Retail banking sector set for a shake-up - Fleximize

Retail Banking Set for Shake-Up

The Competition and Marketing Authority criticizes lack of competition in the retail banking sector, and vows to create a fairer deal for customers and small businesses

10th August 2016

By Adam Pescod

With the news that NatWest, RBS and HSBC could start charging small businesses for deposits if interest rates lurch into negative territory, one can hardly blame the UK’s SME community for feeling a little edgy. After Brexit threw the UK economy into another period of uncertainty, the last thing any business owner needs is an additional cost to contend with. Yet, with interest rates being slashed from 0.5% to 0.25% this week, there doesn’t appear to be much cause for optimism.

However, despite the worrying messages coming from some of the UK’s biggest high-street banks, the final report of the Competition and Markets Authority’s (CMA) retail banking market investigation could pave the way for small businesses to get a fairer deal from the country’s financial institutions. The report, Making banks work harder for you, reveals the shortage of competition that currently exists in the markets for personal current accounts and small-business banking services, and puts forward a range of recommendations on how the banking sector can be tipped in favour of customers.

“Essentially, the older and larger banks, which still account for the large majority of the retail banking market, do not have to work hard enough to win and retain customers and it is difficult for new and smaller providers to attract customers,” says the report. “These failings are having a pronounced effect on certain groups of customers, particularly overdraft users and smaller businesses. They also mean that the sector is still not as innovative or competitive as it needs to be.”

The older and larger banks do not have to work hard enough to win and retain customers.

Time for change

To address these concerns, the CMA is looking to implement a package of reforms that it believes will benefit personal and small business customers, and create a more competitive financial services sector. Chief among these measures is a requirement for all banks to implement what the CMA calls ‘open banking’ by 2018. It claims this will help accelerate technological change in the UK retail banking sector, primarily through the development and implementation of an open API standard for banking.

Ultimately, such a move will allow customers, including business owners, to share their data securely with other banks and third parties. This, in turn, should lead to the creation of new services that are tailored to the specific needs of customers. According to the report, these could include:

Levelling the playing field
Levelling the playing field:

The CMA says it's too easy for the established high-street banks to win and retain customers

As part of the reforms, banks will also be required to publish objective and trustworthy information about the quality of their service online and in branches, so customers can compare them with their current bank.

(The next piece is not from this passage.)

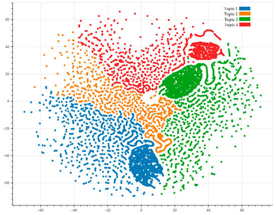 Figure 5 shows four topics in the Twitter dataset. A color represents each topic. We can see that the words are grouped into topics and form a cluster. We then label each topic and calculate sentiment analysis of each topic, which is shown in Figure 6.

They will also be obliged to send out ‘prompts’ on the closure of a local bank branch or an increase in charges, as well as regular reminders to customers to review their current banking arrangements. Finally, banks will have to introduce a monthly maximum charge (MMC) on unarranged overdrafts and notify customers when they go overdrawn, something that many banks do already.

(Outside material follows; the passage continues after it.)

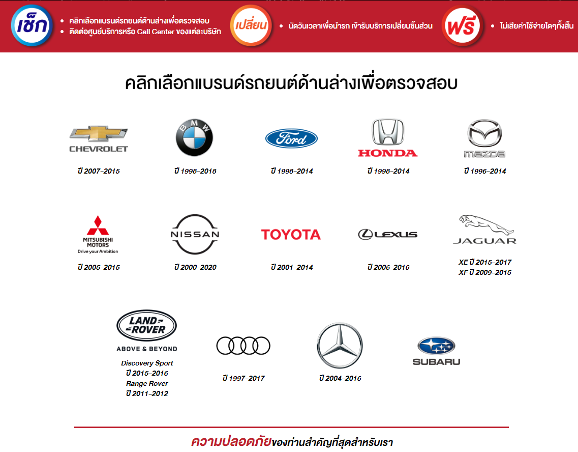 หากพบว่าเป็นรถที่เข้าข่าย ให้รีบติดต่อและนำรถเข้ารับการตรวจสอบและแก้ไขถุงลมนิรภัยที่ศูนย์บริการรถยนต์ใกล้บ้านท่านทั่วประเทศ ฟรีไม่มีค่าใช้จ่ายใดๆ ทั้งสิ้น

Encouraging customers to switch banks

The CMA revealed that only 3% of personal customers and 4% of business customers switch to a different bank every year, with 90% of business owners getting their business loans from their main bank. Meanwhile, over half of startups open their current account at the bank where the business owner has their personal account.

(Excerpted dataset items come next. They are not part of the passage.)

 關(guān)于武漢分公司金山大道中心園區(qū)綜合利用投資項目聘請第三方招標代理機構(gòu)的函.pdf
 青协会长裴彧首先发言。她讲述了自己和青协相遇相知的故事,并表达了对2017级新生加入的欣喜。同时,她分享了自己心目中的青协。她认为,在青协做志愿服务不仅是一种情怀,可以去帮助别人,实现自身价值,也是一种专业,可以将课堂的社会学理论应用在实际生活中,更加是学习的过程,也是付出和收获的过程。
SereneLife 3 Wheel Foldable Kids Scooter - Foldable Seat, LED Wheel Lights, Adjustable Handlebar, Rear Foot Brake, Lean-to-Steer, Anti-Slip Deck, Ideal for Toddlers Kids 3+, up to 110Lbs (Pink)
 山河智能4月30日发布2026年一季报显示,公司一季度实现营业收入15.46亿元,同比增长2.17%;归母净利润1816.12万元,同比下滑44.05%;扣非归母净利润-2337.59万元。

However, in its report, the CMA says personal customers could save an average of £92 per year by switching provider, while small business owners could see annual savings of around £80. In order to encourage people to switch accounts to other providers, the CMA will increase the number of services offered by the Current Account Switch Service (CASS) and run a promotional campaign to raise awareness of the programme.

Furthermore, in a move that could make it easier for SMES to secure business loans, customers will be able to ask current account providers for a copy of their transaction history after closing their account. It follows an initiative launched by the treasury in 2013 – and which is expected to be implemented soon – that aims to improve access to SME credit data for credit reference agencies, challenger banks and alternative finance providers.

The power of innovation

The CMA is also backing the launch of innovation charity NESTA’s ‘challenge prize’, which is encouraging the creation of innovative and commercially sustainable comparison services that will allow small businesses to compare the price, quality of service and lending criteria of a wide range of funding providers. Under the reforms, all banks that provide services to small businesses will be required to provide both financial backing and technical support to the NESTA project.

We are breaking down the barriers which have made it too easy for established banks to hold on to their customers. Alasdair Smith

Mike Cherry, national chairman of the Federation of Small Businesses (FSB), added: “Today’s banking market does not work well for small businesses. The CMA’s recommendations will help to create a more customer focussed retail banking market by tackling some of the challenges small firms face.”

It remains to be seen how big an impact these reforms will have but with many fintech startups already showing what can be achieved by applying a touch of tech to traditional banking, this could certainly end up being a successful shake-up for small businesses.